İnsanların kendi isimlerinin altına, genellikle araya \’ve\’ koyarak ne kadar çok şey yazarlar ise o denli büyüdüklerini / önemli olduklarını düşünmeleri bir Orta Doğu hastalığıdır. Mesleğe ilk başladığım yıllarda adımın altına bir şef, bir müdür hatta Genel Müdür eklemek için ne kadar çılgınca bir çaba harcadığıma inanamazsınız.
İlk Genel Müdür unvanlı kartvizitimin bana ulaştığı o anı bugün gibi hatırlıyorum. Dünyayı yerinden oynatabileceğim sanrısına kapılmıştım. Sonra ne mi oldu? Meslek hayatım boyunca üstüm ve devamında astım olan bir çok Genel Müdür meslektaşım ile çalıştım ve tamamının içinde açık ara en berbat Genel Müdür bendim. O ilk Genel Müdürlük performansım gördüklerim arasında gerçekten en kötüsü idi.

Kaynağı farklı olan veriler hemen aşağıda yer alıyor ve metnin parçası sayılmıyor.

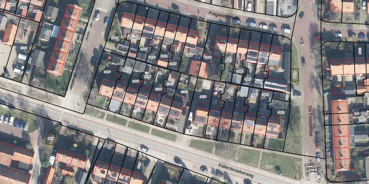 Gebruik de zoekbalk of klik op een perceel om informatie over het perceel te bekijken.

Yıllar içerisinde, unvanların zehirli olduklarını fark ettim. Büyülüydüler. İnsanın gözlerini karartıp olmadıkları bir şeye dönüştürüyorlardı. Elbette benim söz ettiklerim, şirketler tarafından hiyerarşiyi tanımlamak adına belirlenen unvan silsileleri. Yoksa insanların kendi isimlerinin başına ya da sonuna ne koydukları bu yazının konusu değil.
Zehirli unvanların peşinde koşan bizler o unvanın bizi, ağır ağır yok ettiğini, ezdiğini, parçaladığını yaşarken algılayamıyoruz.. Sonra bir gün, konudan azıcık uzaklaşıp bakış açımız değiştiğinde görebileceğimiz bir delilik bu. Tabii sorunun temelinde toplumda kabul görme ve saygı duyulma meselesi var. Aslen bu bir özgüven travması. Daha yüksek bir unvanım olursa herkes bana daha çok saygı duyar. Bu, pratikte bir yere kadar böyle işliyor gibi gözükse de aslında gerçek çok farklı.
Toplum, ekip, çalışma arkadaşları; bize sadece insan olduğumuz için, biz olduğumuz için saygı duyar. Diğeri, ya üstteki unvana yaranmak için yapılan yalakalıktır ya da apaçık işini kaybetme korkusudur. Hepsi bu.
O nedenledir ki hala profesyonel iş hayatım devam etse de malum platformda, sayfam ilk açıldığında göreceğiniz unvan kısmı, şirketimin bana tahsis ettiği değil benim bir şey yapmış olmakla ilgili kendime tahsis ettiğim bir tanımlamadan ibarettir. Şirkette ne iş yaptığımı görmek için, aynı platformda, profilimin içine girip son çalıştığım yer satırını görüntülemek zorunda kalırsınız.
Bu noktada herkes; unvan önemli çünkü o ne kadar artarsa kazanacağım para da o kadar artacak şeklinde düşünebilir. Doğrudur ama yanıldıkları nokta şudur: Paranın gerçek artış sebebi, adınızın sonuna eklenen o unvandan çok başınıza açılabilecek dert ve stres bütününün doğuracağı yetki yüküdür. Para ne kadar büyürse dert / stres / gerginlik / mutsuzluk o kadar artar. İnsanlara unvanlar verilirken söylenmesi unutulan detay budur!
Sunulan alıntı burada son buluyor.